NEW YORK – Soviet-born mathematician Mikhail Gromov on Thursday won Norway's prestigious, six million kroners (EUR 682,000) Abel Prize for his "revolutionary contributions to geometry," the prize committee said.

Gromov, a French citizen, celebrated his victory by sipping champagne with colleagues and students at New York University (NYU), where he teaches.

He recalled that he had missed the news because he was preparing for class. "I heard about it when I came to the department. My phone was switched off," a laughing Gromov told AFP.

A diminutive figure with a shock of grey hair and beard, Gromov was modest in his triumph.

Attending the celebration in cheap shoes, well-worn trousers and a plain shirt, he described his approach to mathematics as "vague and precise at the same time".

The 65-year-old also teaches at France's Institute of Advanced Scientific Studies (IHES) near Paris and is the third French mathematician to win the top award since it was created six years ago.

He is also the third winner in the same period from NYU's Courant Institute of Mathematical Sciences.

The Abel Committee said in Oslo that Gromov is "always in pursuit of new questions and is constantly thinking of new ideas for solutions to old problems".

He has "produced deep and original work throughout his career and remains remarkably creative," the committee said.
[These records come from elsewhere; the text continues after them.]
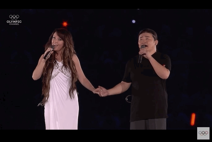 劉歡和莎拉·布萊曼演唱奧運會主題曲《我和你》。
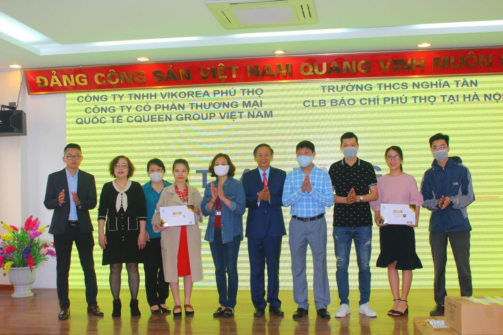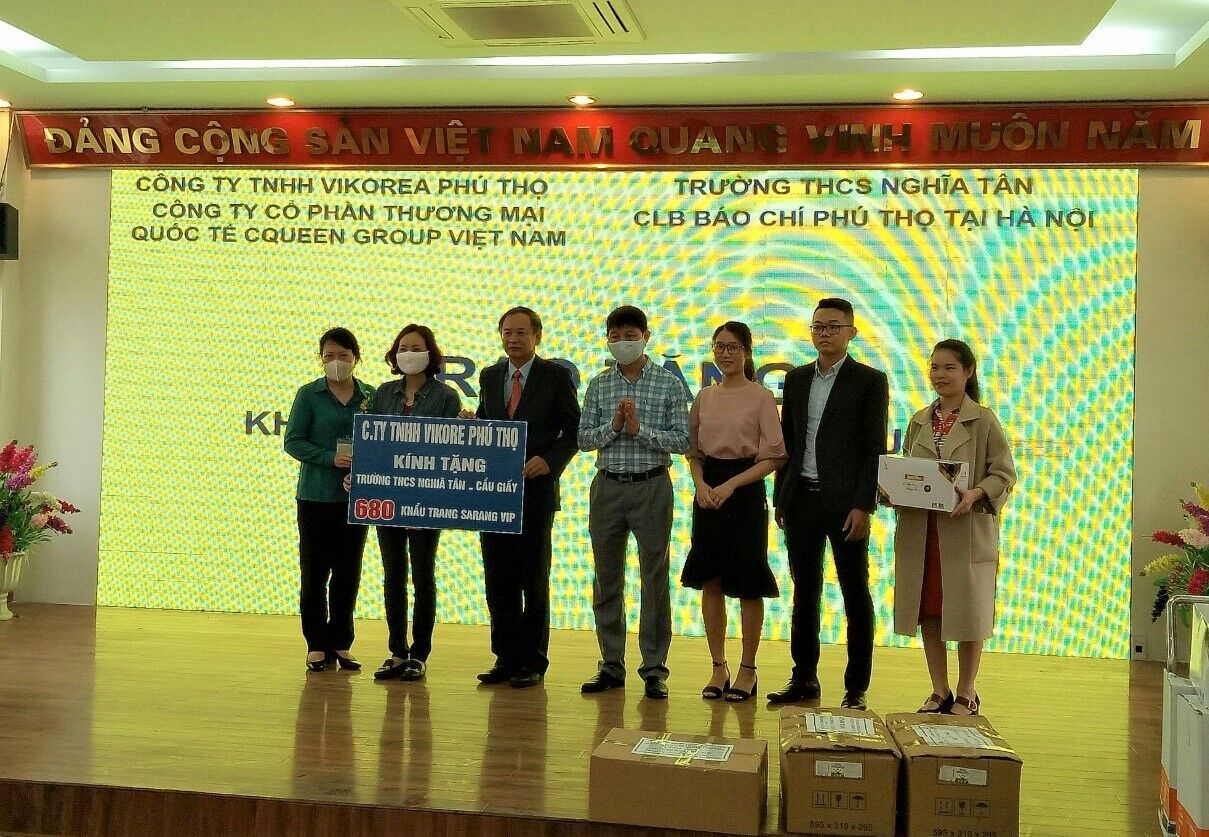 Cũng trong sáng 14/3, đại diện Câu lạc bộ Báo chí Phú Thọ tại Hà Nội, cùng đại diện các đơn vị doanh nghiệp là công ty Vikorea Phú Thọ và CQueen Group đã hỗ trợ trao tặng khẩu trang, dung dịch rửa tay khô, cồn sát trùng cho giáo viên, học sinh các Trường THCS Nghĩa Tân, và Trường THCS-THPT Nguyễn Bỉnh Khiêm (quận Cầu Giấy, Hà Nội).
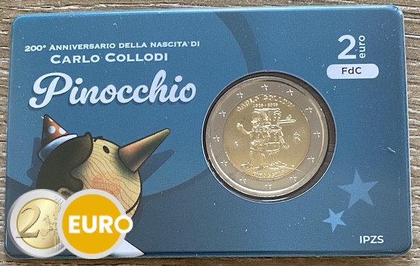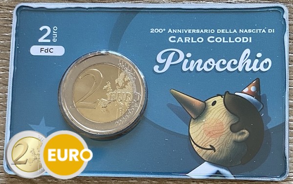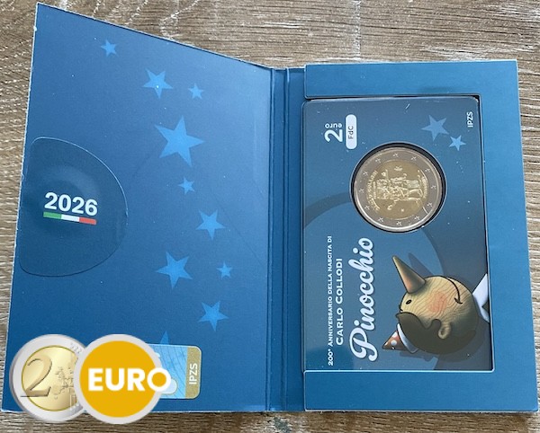 Diese 2 Euro Gedenkmünze Italiens 2026 würdigt den 200. Geburtstag von Carlo Collodi, dem italienischen Autor, der mit der Geschichte von Pinocchio weltbekannt wurde. Die nationale Seite zeigt eine lebhafte Darstellung von Pinocchio mit seiner markanten langen Nase, dessen Schatten zum sprechenden Grille blickt – ein Symbol für die Fantasie und die moralischen Lehren des Klassikers. Oben steht „CARLO COLLODI 1826 – 2026“, unten „PINOCCHIO“. Diese Münze ehrt eine der bekanntesten Figuren der Literatur und das kulturelle Erbe Italiens.

His work "will continue to be a source of inspiration for many future mathematical discoveries."

NYU colleagues said they were proud of his win, the latest of many awards.
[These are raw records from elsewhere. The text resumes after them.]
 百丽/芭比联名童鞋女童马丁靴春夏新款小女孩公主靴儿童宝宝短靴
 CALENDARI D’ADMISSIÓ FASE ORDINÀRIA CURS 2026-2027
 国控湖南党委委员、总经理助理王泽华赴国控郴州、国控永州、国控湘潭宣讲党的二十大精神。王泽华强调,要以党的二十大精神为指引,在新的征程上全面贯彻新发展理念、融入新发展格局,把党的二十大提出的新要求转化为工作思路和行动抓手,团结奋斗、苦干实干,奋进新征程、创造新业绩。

"He has a unique mind with a viewpoint that has had a profound influence across mathematics," said Leslie Greengard, director of the Courant Institute.

"He's clearly one of the great mathematicians of our time."

Born in 1943 in Boksitogorsk in the Soviet Union, Gromov became a French citizen in 1992.

He studied mathematics at the Leningrad (St Petersburg) University, where he also taught before emigrating to the United States in 1974, becoming a professor at NYU.

In 1981, he joined the staff at the Paris VI University and a year later he moved over to IHES.

Gromov, who has won numerous international prizes, will receive his Abel Prize and the prize money from Norway's King Harald at an official ceremony on 19 May.